Objectives: To assess morbidity, mortality and quality of life after oesophageal reconstruction in patients with oesophageal exclusion for benign diseases.

Patients And Methods: From 2002 to 2011, 20 of 24 patients with esophageal exclusion due to benign disease underwent a delayed reconstruction. We analyzed morbidity, mortality and health-related quality of life using the SF-36 questionnaire, before and after reconstruction.

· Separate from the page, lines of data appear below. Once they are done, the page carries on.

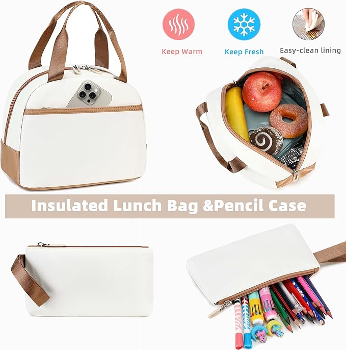 - Multi-pockets & Large Capacity Back packs: The students book bag has 6 separate different size zipper pockets with many compartments and two side pockets meet your daily storage.Main roomy compartment can easily hold a 15.6" laptop, textbooks, magazines, college supplies, travel clothes, phone charger, etc . The reusable insulated lunch bag can hold up to 9.5 liters or 15 cans (330 ml) of drinks, and the pen bag is convenient for storing keys, cards, cell phone, utensils and other small items
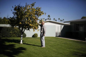 A senior picks some fruit off a tree in Sun City, Arizona, January
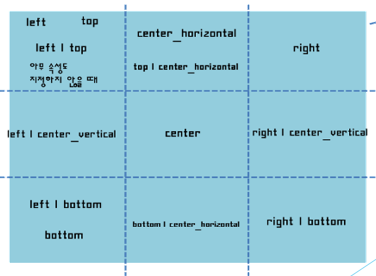 gravity : 해당 속성을 지닌 view 내부 컨턴츠(자식 view 포함)의 위치를 지정하는 속성
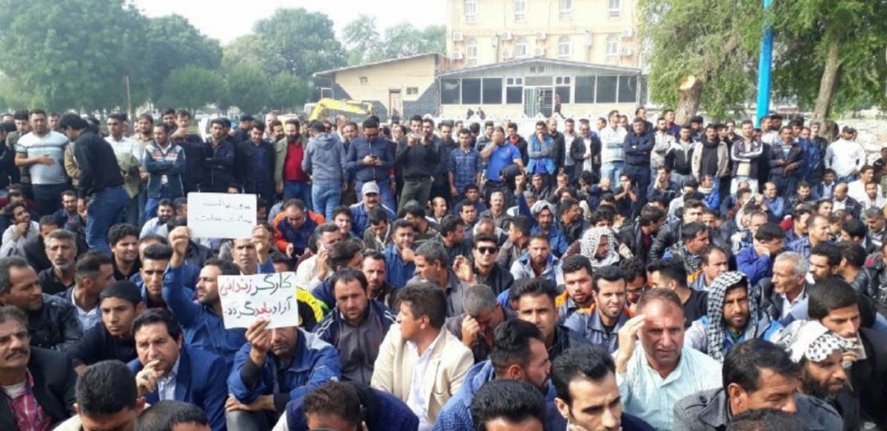 Protesta de trabajadores municipales de Bushehr en los levantamientos de 2020

Results: Twenty patients were operated (16 men and 4 women) with an average age of 54.5 ± 10.5 years. Main causes of oesophageal disconnection were: 10 cases of caustics ingestion, 3 iatrogenic perforations, 4 anastomotic leaks and 3 cases with Boerhaave syndrome. Fourteen (60%) coloplasties and 6 (25%) gastric interpositions were performed with an average time of 212,2 ± 23.5 days after oesophageal exclusion. Pulmonary complications were the most common postoperative complications (55% patients) and according to the modified Clavien classification were divided into: grade 1 (10%), grade 2 (15%), grade 3a (40%), grade 3b (10%), and grade 4a (10%). The 30-day mortality (grade 5) of the series was 10%. Quality of life after reconstruction improved significantly in all analyzed domains of the SF-36 questionnaire.

Conclusions: Deferred oesophageal reconstruction is associated with a high morbidity and a mortality rate of 10%. After reconstruction, the quality of life improved in all the parameters evaluated.